::: EXTRACTED RECORDS

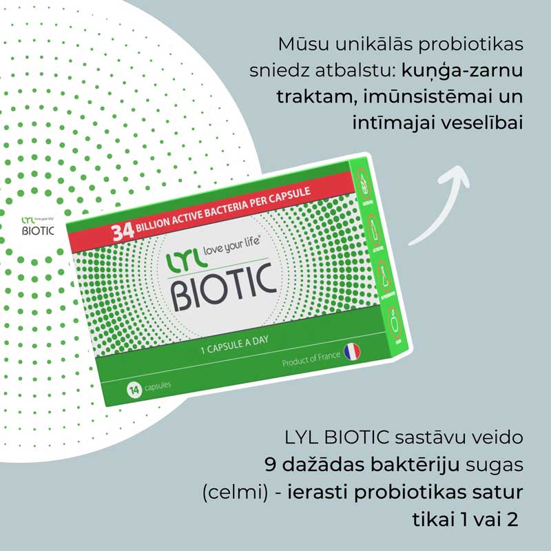 LYL BIOTIC atjauno mikrofloru un veicina labvēlīgo baktēriju veidošanos zarnās, uzlabo gremošanu, palīdz nodrošināt normālu vielmaiņu, novērš aizcietējumu rašanos.
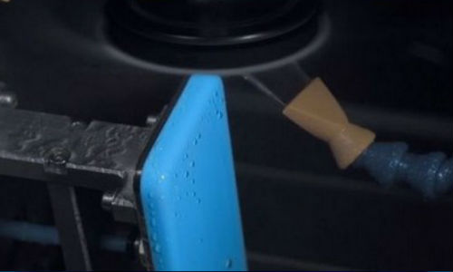 在完成鉆孔之后iPhone 5C后蓋需要進行非常精細的復雜打磨過程,包括透明漆硬涂層等等。此時打磨出來的半成品還需要經過抗刮擦測試才能裝備在iPhone5C上。Ive在視頻中說道:“整個生產制造過程的終點就是創建一個更加剛性堅實的結構,在到手之后不會有塑料的感覺。”
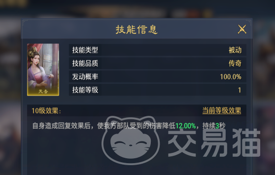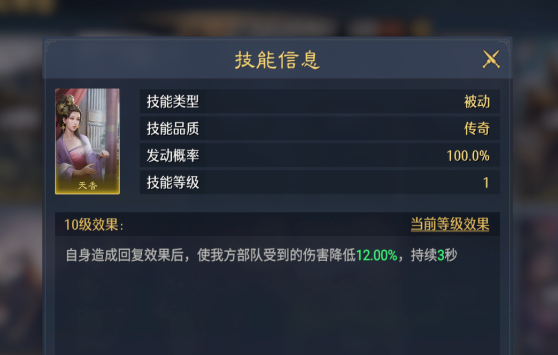 其主将技为扇形谋略伤害,对男性目标存在固定比例的额外伤害加成,这一设定使其在面对以男性武将为核心的敌方阵容时具备天然克制优势。被动技能采用双轨触发模型:一方面,当己方单位累计承受指定次数的普攻后,可恢复一定兵力;另一方面,自身每完成指定次数的普攻,将额外附加一次武力伤害。值得注意的是,若己方主将为男性,上述两项效果均会获得进一步强化——该机制使貂蝉既能嵌入高爆发连击流,亦可支撑持久作战型队伍,实现输出与续航能力的动态平衡。
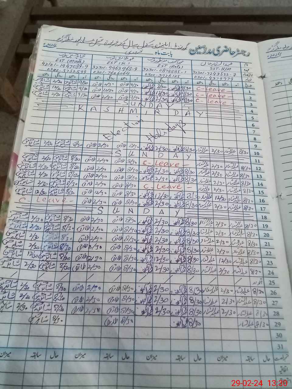 | CNIC | Full Name | Designation | R/C | Absence During Last Calender Month |
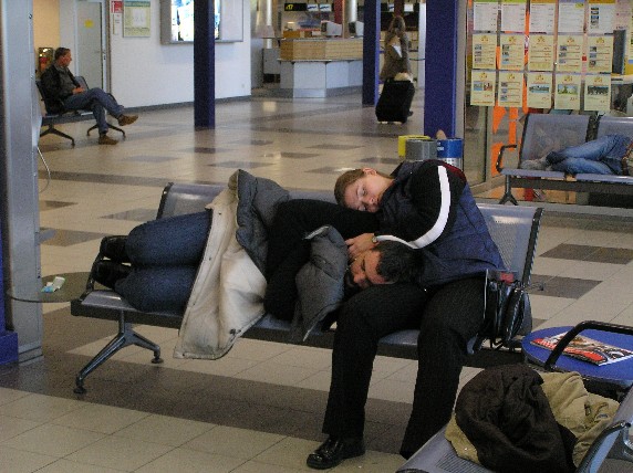Geschafft von der langen Nacht warteten wir in Berlin Schönefeld auf unseren Rückflug nach Stuttgart:
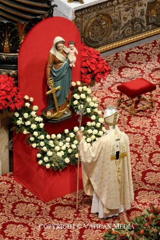 Пролог четвёртого Евангелия также является гимном, и его главным героем является Слово Божие. «Слово» — это слово, которое действует. Это характерная черта Слова Божия: оно никогда не бывает безрезультатным. При ближайшем рассмотрении многие наши слова также производят эффекты, иногда нежелательные. Да, слова действуют. Но вот неожиданность, которую преподносит нам рождественская литургия: Слово Божие является и не может говорить; Он приходит к нам как новорождённый младенец, который лишь плачет и рыдает. «Он стал плотью» ( Ин.  1:14), и хотя Он вырастет и однажды научится языку Своего народа, сейчас говорит лишь Его простое, хрупкое присутствие. «Плоть» — это радикальная нагота, которая в Вифлееме и на Голгофе лишена даже слова; так много братьев и сестёр, лишённых достоинства и низведённых до молчания, лишены слов. Человеческая плоть требует заботы, призывает к принятию и признанию, ищет рук, способных на нежность, и умов, готовых слушать, желает добрых слов.

::::::

Every line of the data should be transcribed exactly. Omit the images.

ANSWER TO THE PROBLEM:
 LYL BIOTIC atjauno mikrofloru un veicina labvēlīgo baktēriju veidošanos zarnās, uzlabo gremošanu, palīdz nodrošināt normālu vielmaiņu, novērš aizcietējumu rašanos.
 在完成鉆孔之后iPhone 5C后蓋需要進行非常精細的復雜打磨過程,包括透明漆硬涂層等等。此時打磨出來的半成品還需要經過抗刮擦測試才能裝備在iPhone5C上。Ive在視頻中說道:“整個生產制造過程的終點就是創建一個更加剛性堅實的結構,在到手之后不會有塑料的感覺。”
 其主将技为扇形谋略伤害,对男性目标存在固定比例的额外伤害加成,这一设定使其在面对以男性武将为核心的敌方阵容时具备天然克制优势。被动技能采用双轨触发模型:一方面,当己方单位累计承受指定次数的普攻后,可恢复一定兵力;另一方面,自身每完成指定次数的普攻,将额外附加一次武力伤害。值得注意的是,若己方主将为男性,上述两项效果均会获得进一步强化——该机制使貂蝉既能嵌入高爆发连击流,亦可支撑持久作战型队伍,实现输出与续航能力的动态平衡。
 | CNIC | Full Name | Designation | R/C | Absence During Last Calender Month |
Geschafft von der langen Nacht warteten wir in Berlin Schönefeld auf unseren Rückflug nach Stuttgart:
 Пролог четвёртого Евангелия также является гимном, и его главным героем является Слово Божие. «Слово» — это слово, которое действует. Это характерная черта Слова Божия: оно никогда не бывает безрезультатным. При ближайшем рассмотрении многие наши слова также производят эффекты, иногда нежелательные. Да, слова действуют. Но вот неожиданность, которую преподносит нам рождественская литургия: Слово Божие является и не может говорить; Он приходит к нам как новорождённый младенец, который лишь плачет и рыдает. «Он стал плотью» ( Ин.  1:14), и хотя Он вырастет и однажды научится языку Своего народа, сейчас говорит лишь Его простое, хрупкое присутствие. «Плоть» — это радикальная нагота, которая в Вифлееме и на Голгофе лишена даже слова; так много братьев и сестёр, лишённых достоинства и низведённых до молчания, лишены слов. Человеческая плоть требует заботы, призывает к принятию и признанию, ищет рук, способных на нежность, и умов, готовых слушать, желает добрых слов.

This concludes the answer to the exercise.